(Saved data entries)

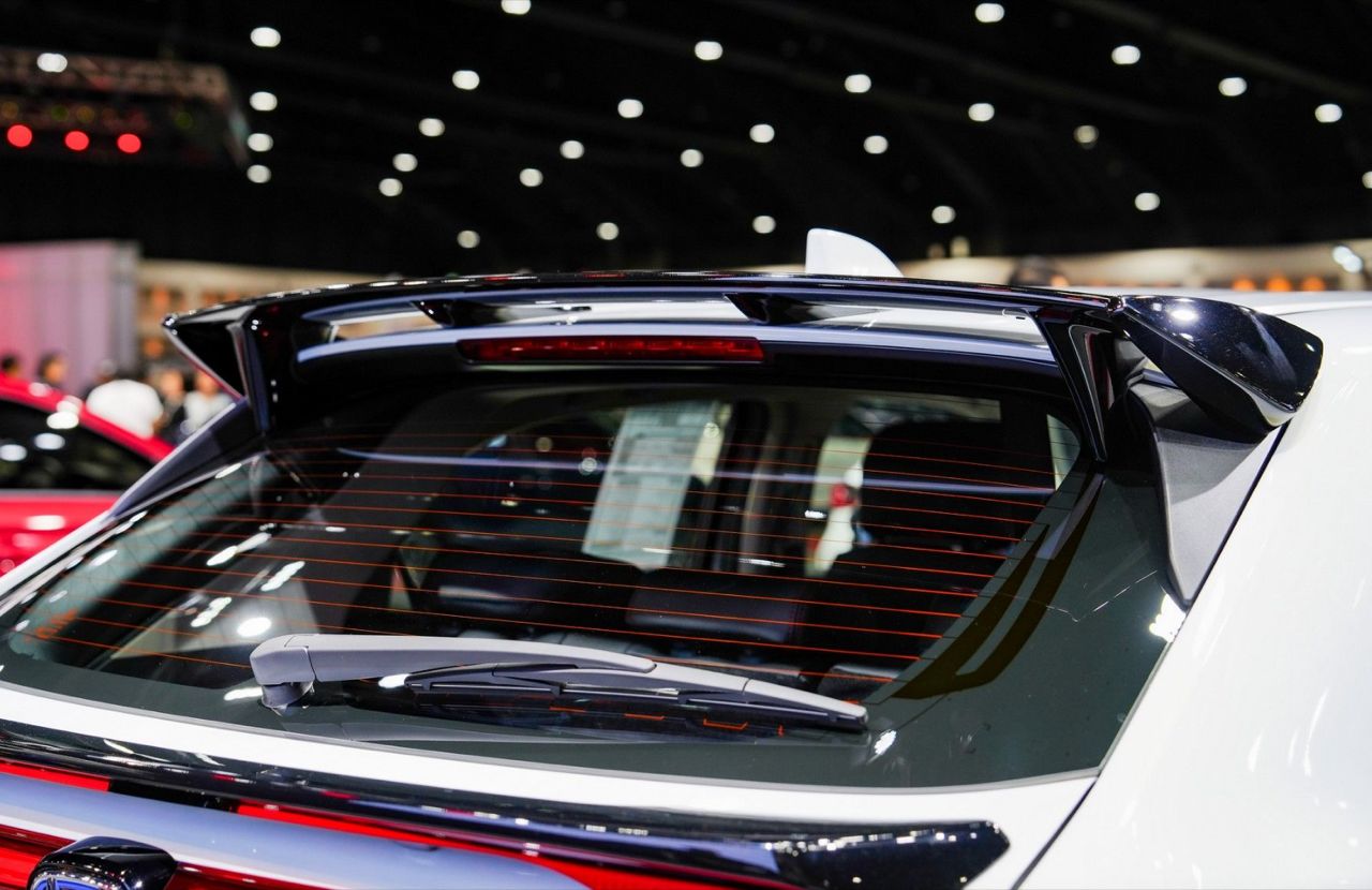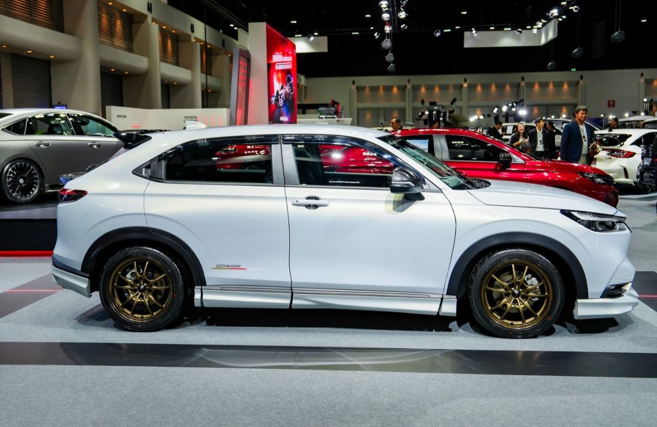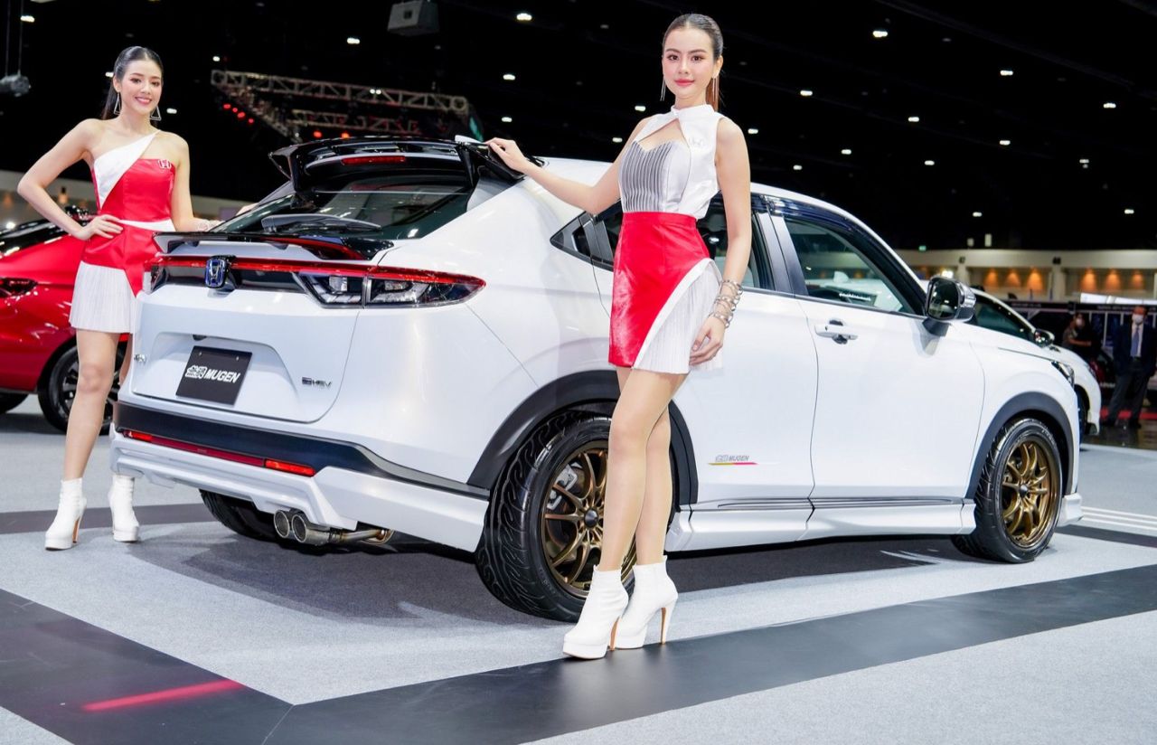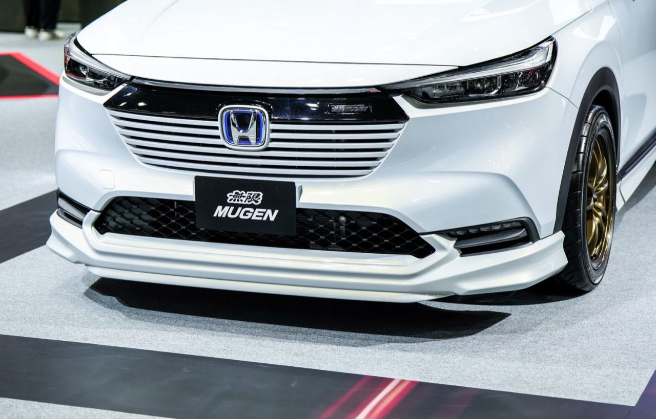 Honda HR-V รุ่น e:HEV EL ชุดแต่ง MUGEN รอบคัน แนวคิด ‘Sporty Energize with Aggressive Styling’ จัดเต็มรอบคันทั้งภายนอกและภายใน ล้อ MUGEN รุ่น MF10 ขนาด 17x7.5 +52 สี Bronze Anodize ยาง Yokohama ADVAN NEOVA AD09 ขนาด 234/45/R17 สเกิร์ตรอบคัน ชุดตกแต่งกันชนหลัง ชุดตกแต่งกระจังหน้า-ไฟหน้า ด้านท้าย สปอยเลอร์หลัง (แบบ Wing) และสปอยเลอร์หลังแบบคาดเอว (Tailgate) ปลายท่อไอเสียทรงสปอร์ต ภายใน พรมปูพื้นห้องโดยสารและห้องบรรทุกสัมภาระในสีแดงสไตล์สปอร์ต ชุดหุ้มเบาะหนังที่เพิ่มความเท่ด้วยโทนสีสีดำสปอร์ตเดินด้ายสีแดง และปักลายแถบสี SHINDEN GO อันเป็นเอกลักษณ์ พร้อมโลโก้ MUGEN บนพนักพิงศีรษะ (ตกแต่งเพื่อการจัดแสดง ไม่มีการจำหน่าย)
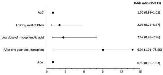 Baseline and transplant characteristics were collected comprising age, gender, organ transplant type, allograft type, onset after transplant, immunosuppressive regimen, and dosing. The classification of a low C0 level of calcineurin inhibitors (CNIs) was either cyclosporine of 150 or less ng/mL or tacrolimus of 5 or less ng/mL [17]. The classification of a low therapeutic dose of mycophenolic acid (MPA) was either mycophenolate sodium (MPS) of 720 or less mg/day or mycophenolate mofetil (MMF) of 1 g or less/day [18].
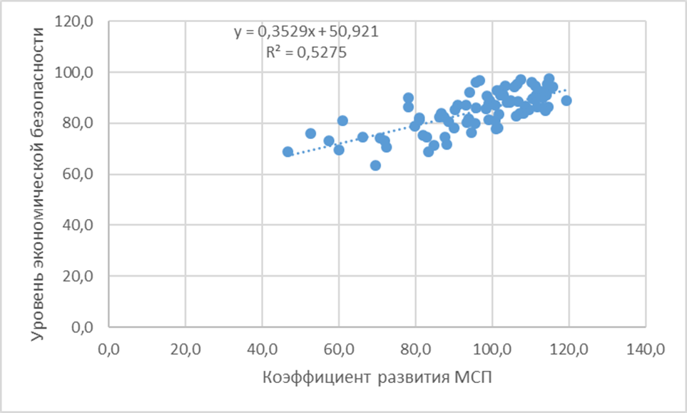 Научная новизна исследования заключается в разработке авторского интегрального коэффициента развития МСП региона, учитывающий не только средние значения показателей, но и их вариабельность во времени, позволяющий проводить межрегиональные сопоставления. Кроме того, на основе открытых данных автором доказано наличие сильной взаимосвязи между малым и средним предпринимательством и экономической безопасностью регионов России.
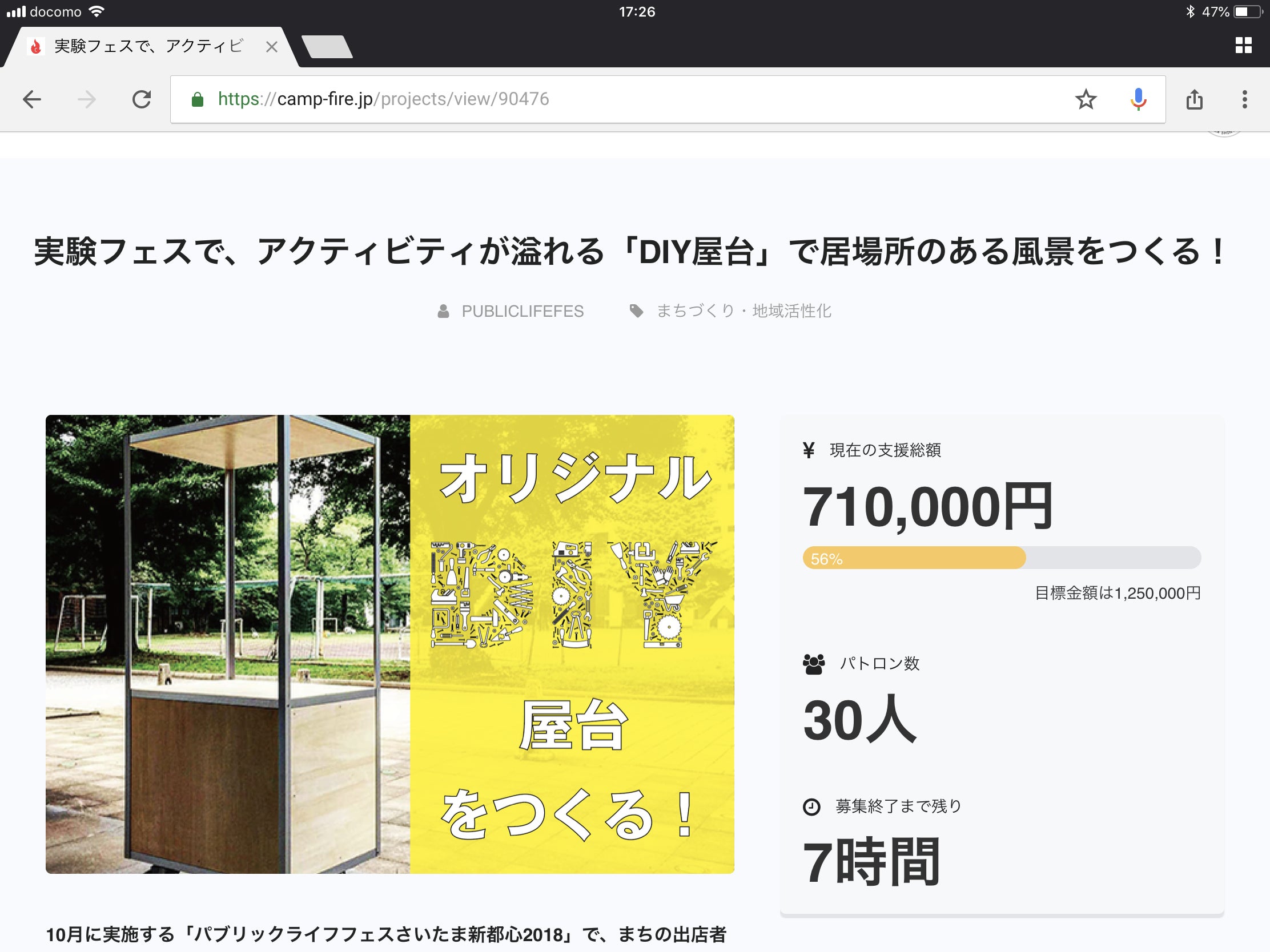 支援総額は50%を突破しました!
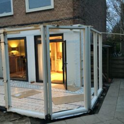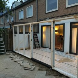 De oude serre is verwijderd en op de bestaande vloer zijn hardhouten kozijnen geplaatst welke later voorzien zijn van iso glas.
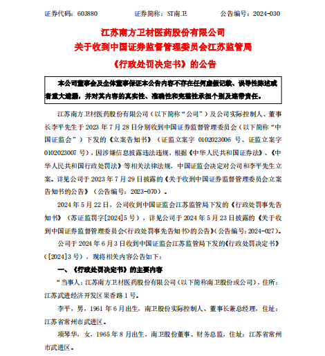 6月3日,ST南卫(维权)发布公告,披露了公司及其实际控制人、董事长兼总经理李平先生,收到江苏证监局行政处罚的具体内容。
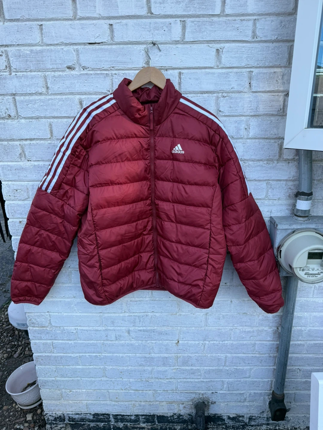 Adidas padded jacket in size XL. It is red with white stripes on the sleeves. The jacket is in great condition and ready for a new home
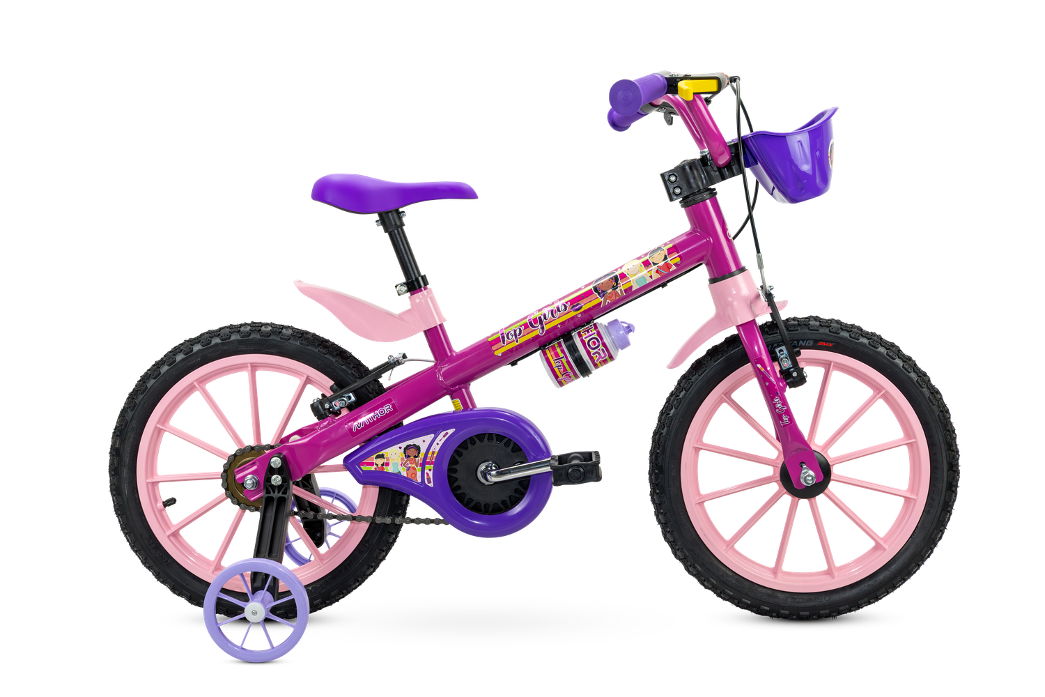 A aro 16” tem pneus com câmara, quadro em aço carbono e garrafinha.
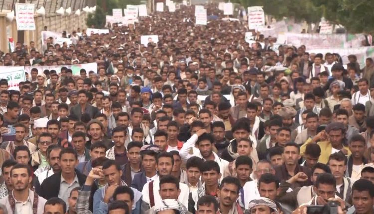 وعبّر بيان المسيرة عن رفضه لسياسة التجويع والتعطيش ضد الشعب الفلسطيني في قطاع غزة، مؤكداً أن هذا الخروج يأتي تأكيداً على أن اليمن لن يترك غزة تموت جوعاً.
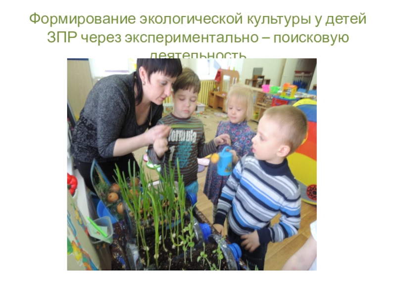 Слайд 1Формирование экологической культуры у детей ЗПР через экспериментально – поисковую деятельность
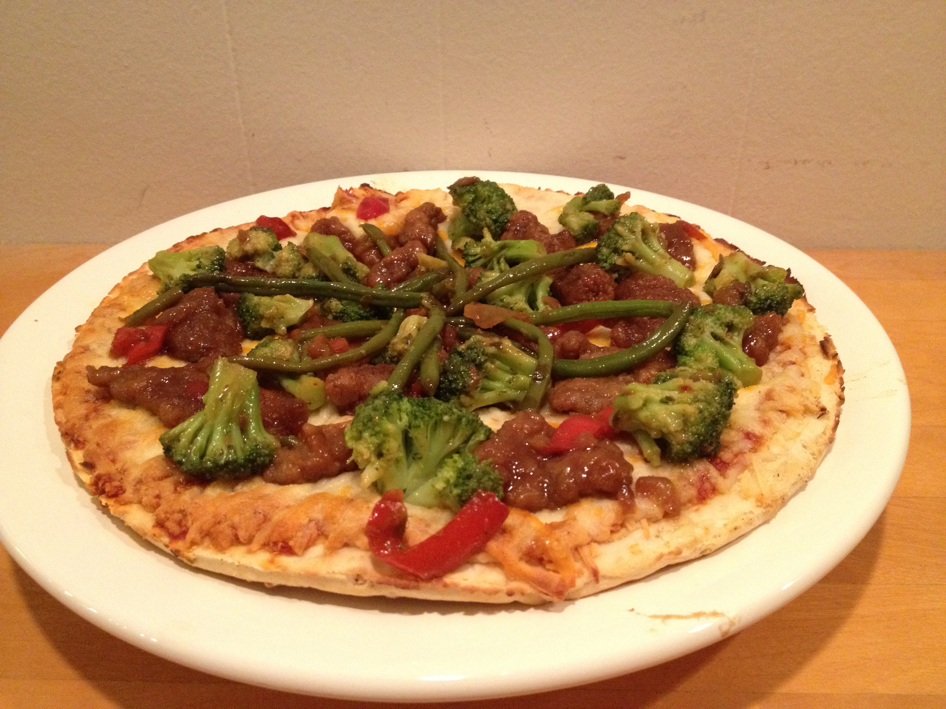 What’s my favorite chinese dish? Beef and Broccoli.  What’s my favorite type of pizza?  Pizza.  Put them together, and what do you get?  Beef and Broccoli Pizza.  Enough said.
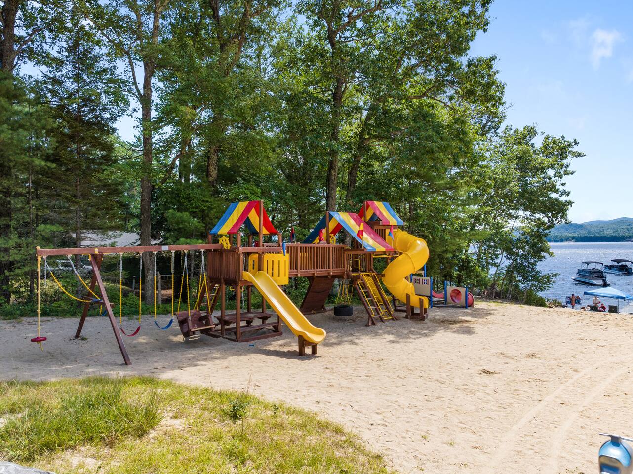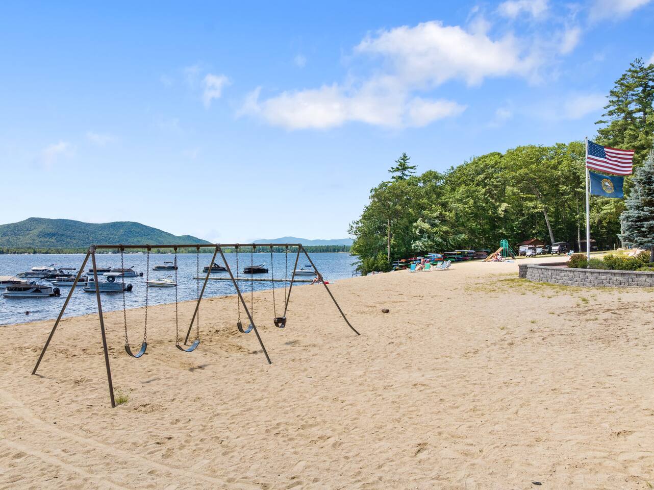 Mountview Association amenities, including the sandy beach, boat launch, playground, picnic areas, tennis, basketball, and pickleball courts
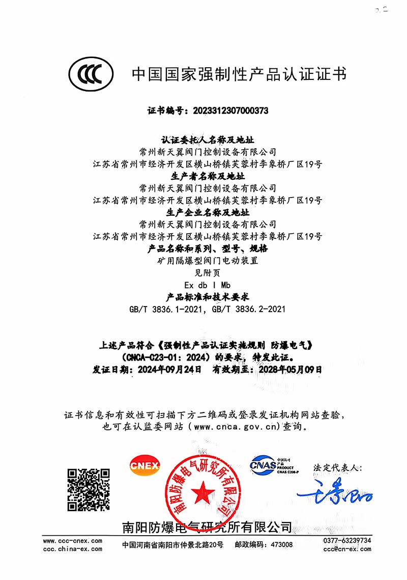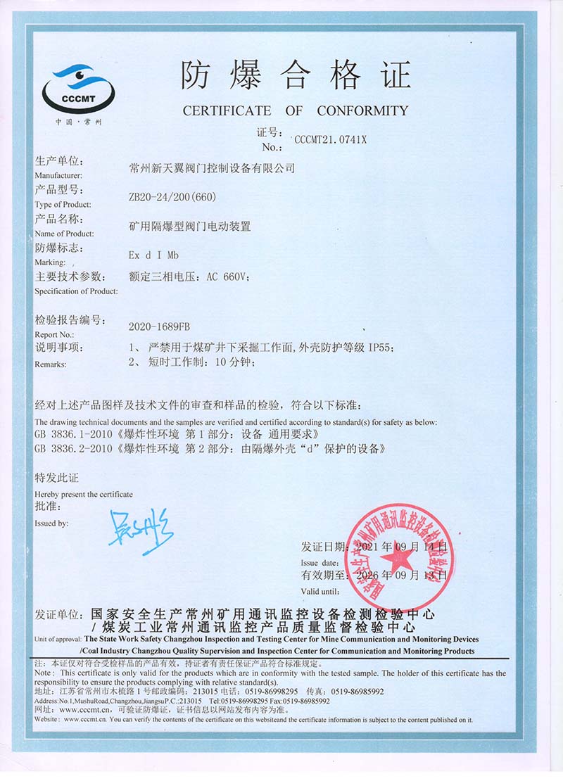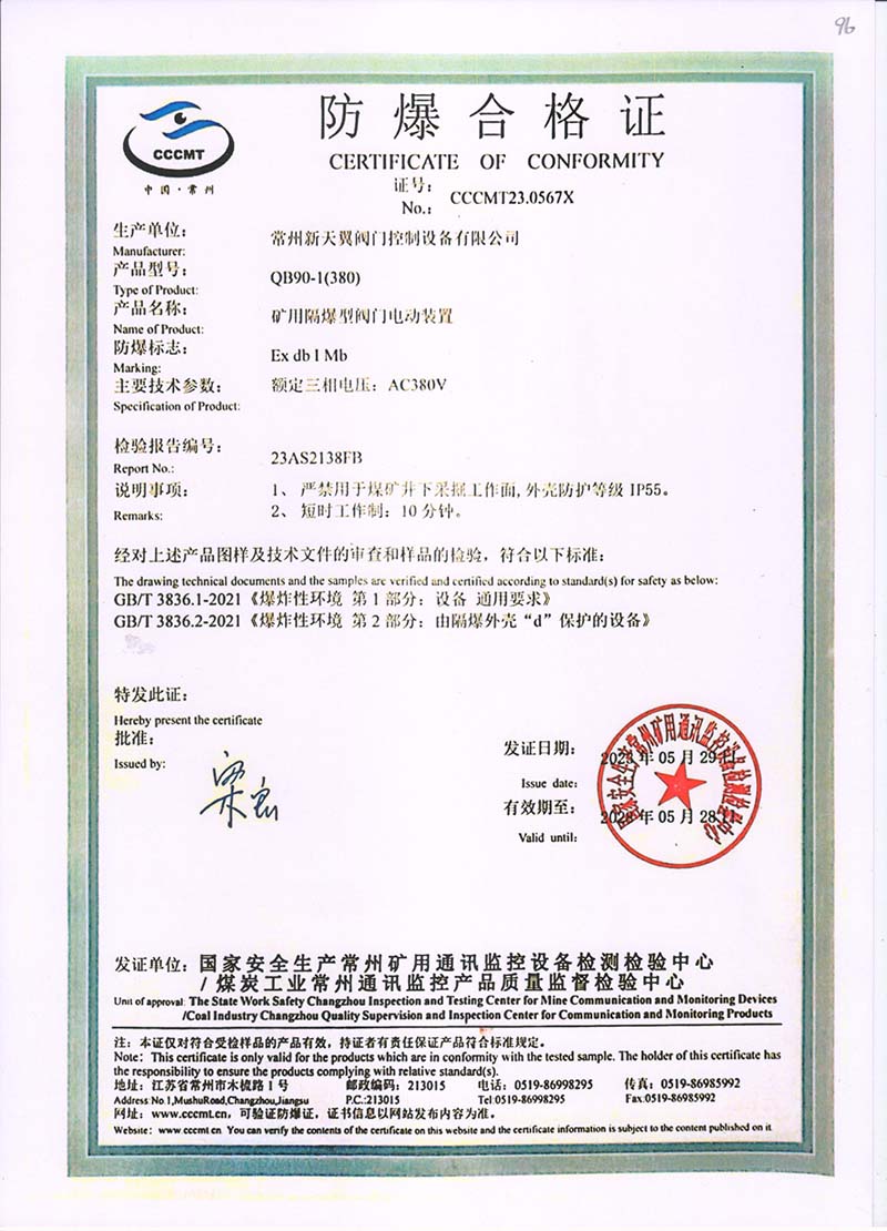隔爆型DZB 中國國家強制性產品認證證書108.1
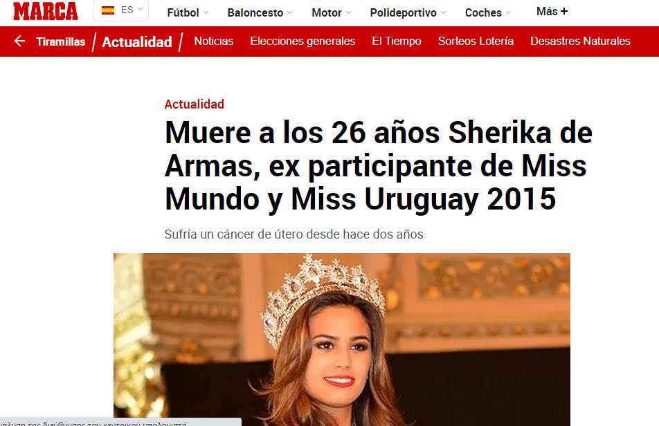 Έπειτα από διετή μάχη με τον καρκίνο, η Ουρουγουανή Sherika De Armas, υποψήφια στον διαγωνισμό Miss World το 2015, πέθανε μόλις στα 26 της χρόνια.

◆ What you are asked to do ◆
Work from the entries above. Set down exactly and only the lines from the line with "Adidas padded jacket" to the line with "carbono e garrafinha.", both included, and leave the pictures out.

◆ Task response ◆
 Adidas padded jacket in size XL. It is red with white stripes on the sleeves. The jacket is in great condition and ready for a new home
 A aro 16” tem pneus com câmara, quadro em aço carbono e garrafinha.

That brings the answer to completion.